EXERCISE OBJECTIVE: The answer is the exact run of lines in the listing below from the line containing "Feature: a. Power" up to and including the line containing "随后移动至连线墙壁,读条结束后发动对应钢铁/月环", with pictures removed.

Start of DATASET EXCERPTS

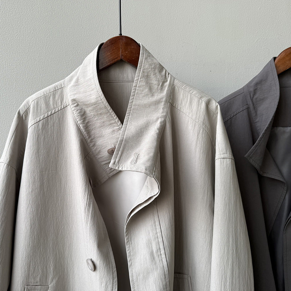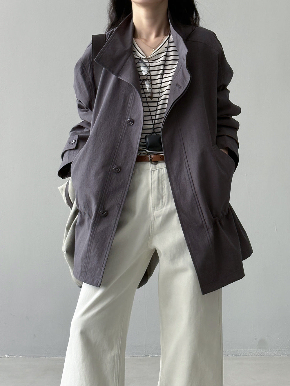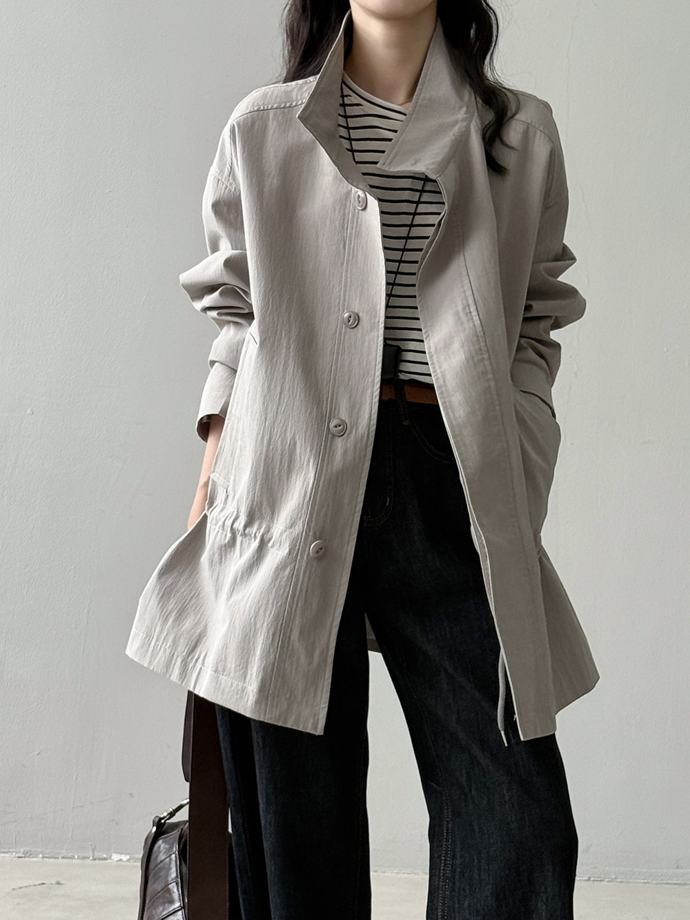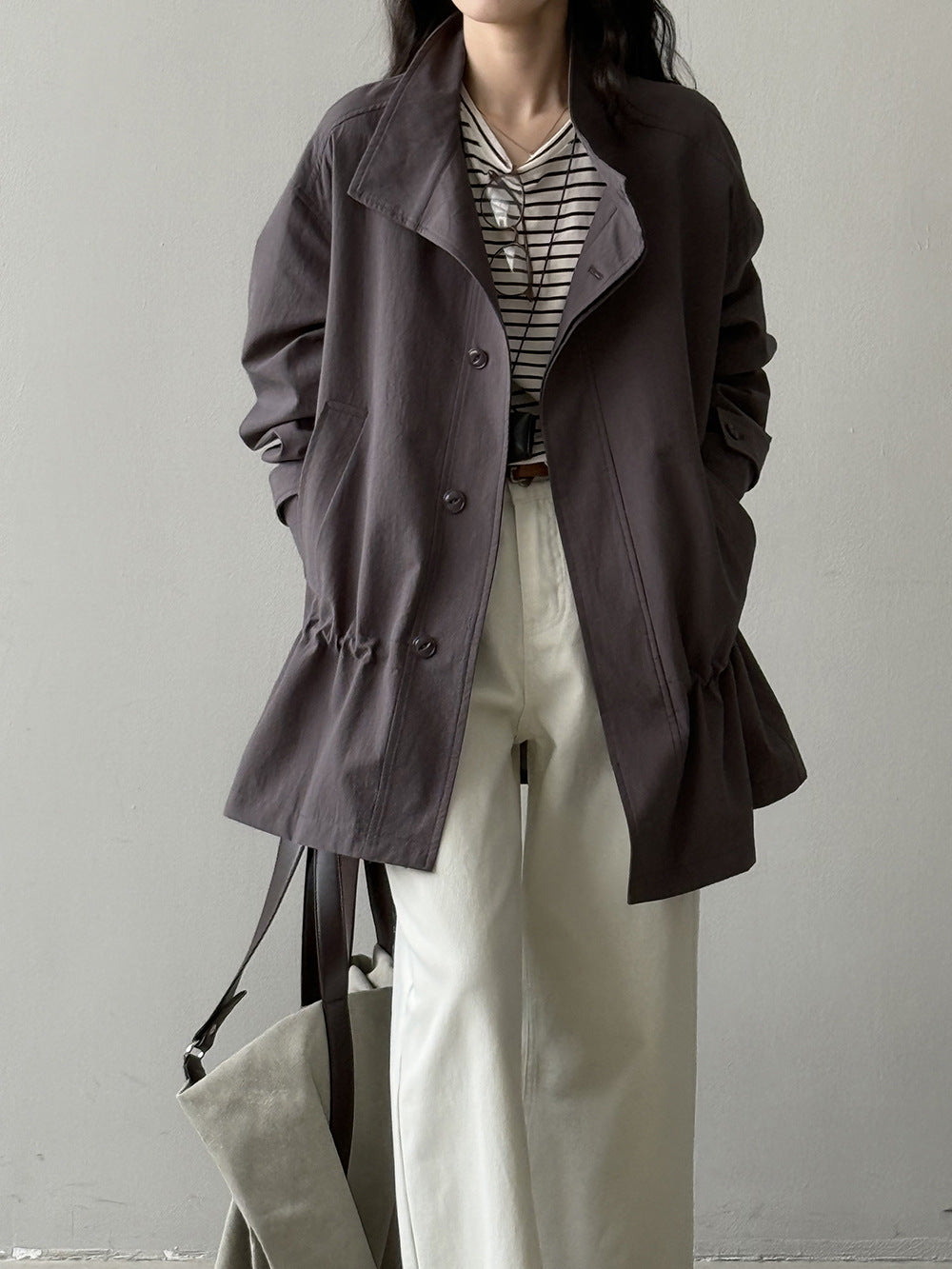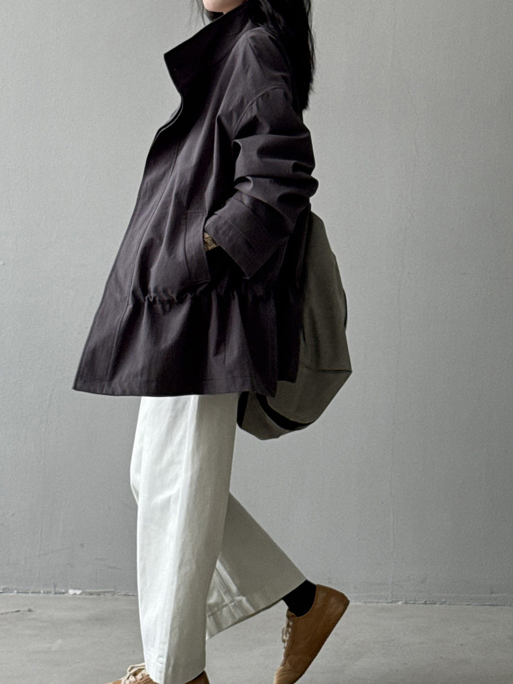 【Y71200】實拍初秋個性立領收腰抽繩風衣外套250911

End of DATASET EXCERPTS
Start of DATASET EXCERPTS

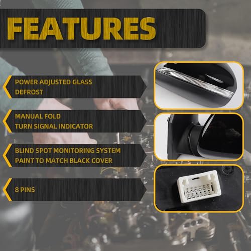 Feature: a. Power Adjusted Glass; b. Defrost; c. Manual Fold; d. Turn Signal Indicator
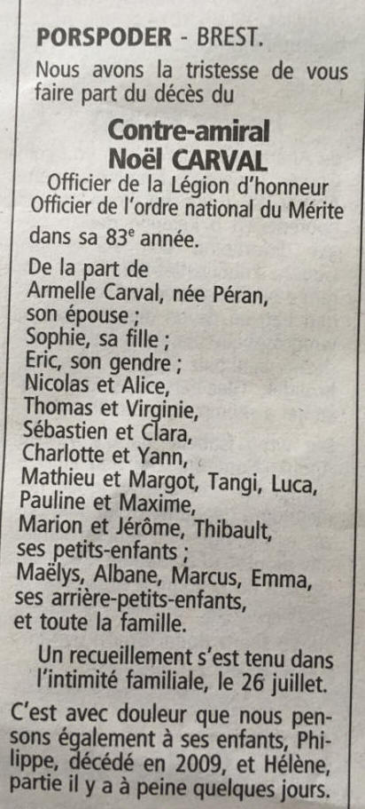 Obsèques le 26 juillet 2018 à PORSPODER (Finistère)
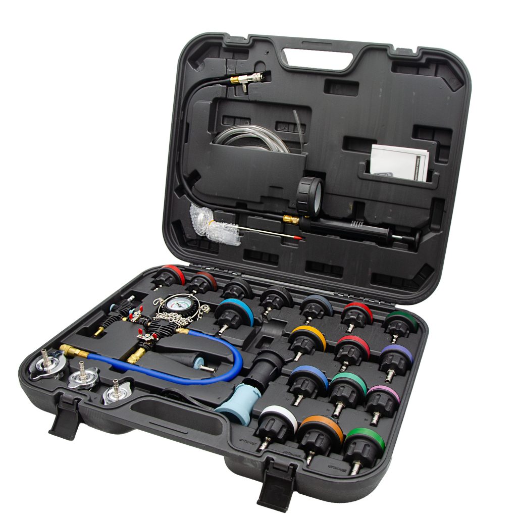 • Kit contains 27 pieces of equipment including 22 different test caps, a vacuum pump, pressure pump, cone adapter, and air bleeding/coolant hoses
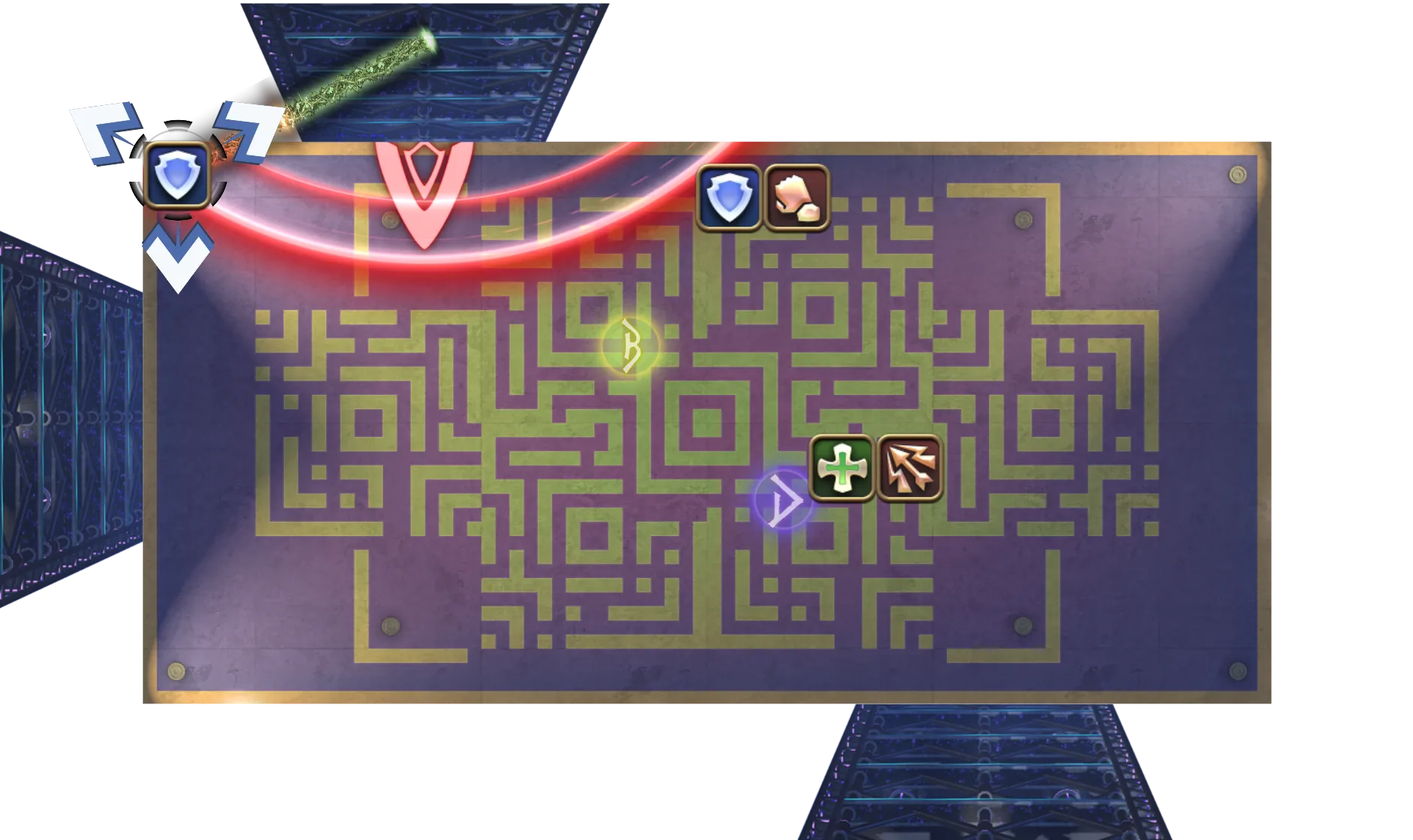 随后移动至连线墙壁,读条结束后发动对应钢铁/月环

End of DATASET EXCERPTS

RESPONSE TO THIS TASK:
 Feature: a. Power Adjusted Glass; b. Defrost; c. Manual Fold; d. Turn Signal Indicator
 Obsèques le 26 juillet 2018 à PORSPODER (Finistère)
 • Kit contains 27 pieces of equipment including 22 different test caps, a vacuum pump, pressure pump, cone adapter, and air bleeding/coolant hoses
 随后移动至连线墙壁,读条结束后发动对应钢铁/月环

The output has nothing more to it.